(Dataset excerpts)

BEGIN

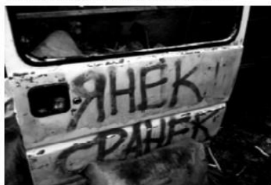
Мал. 2. Вул. Хрещатик, 2014 р. Фото зі сторінки спільноти «Українська революція». – [Електронний ресурс]. – Режим доступу: http://vk.com/revolution_ukrainian
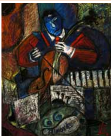
№ 10 Дмитриева Е.Н. Музыканты. 3. Бум.пастель 50x40, 10 000 руб.
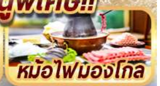
หม้อไฟมองโกล
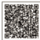
天猫精灵APP 下载APP请认准，避免被误导
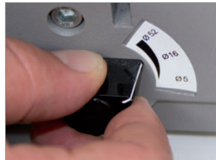
Marge de perforation réglable.

END

Action item –
Begin at the line containing "หม้อไฟมองโกล" and copy every line through the end of the data above exactly, omitting the pictures.

Finished task –
หม้อไฟมองโกล
天猫精灵APP 下载APP请认准，避免被误导
Marge de perforation réglable.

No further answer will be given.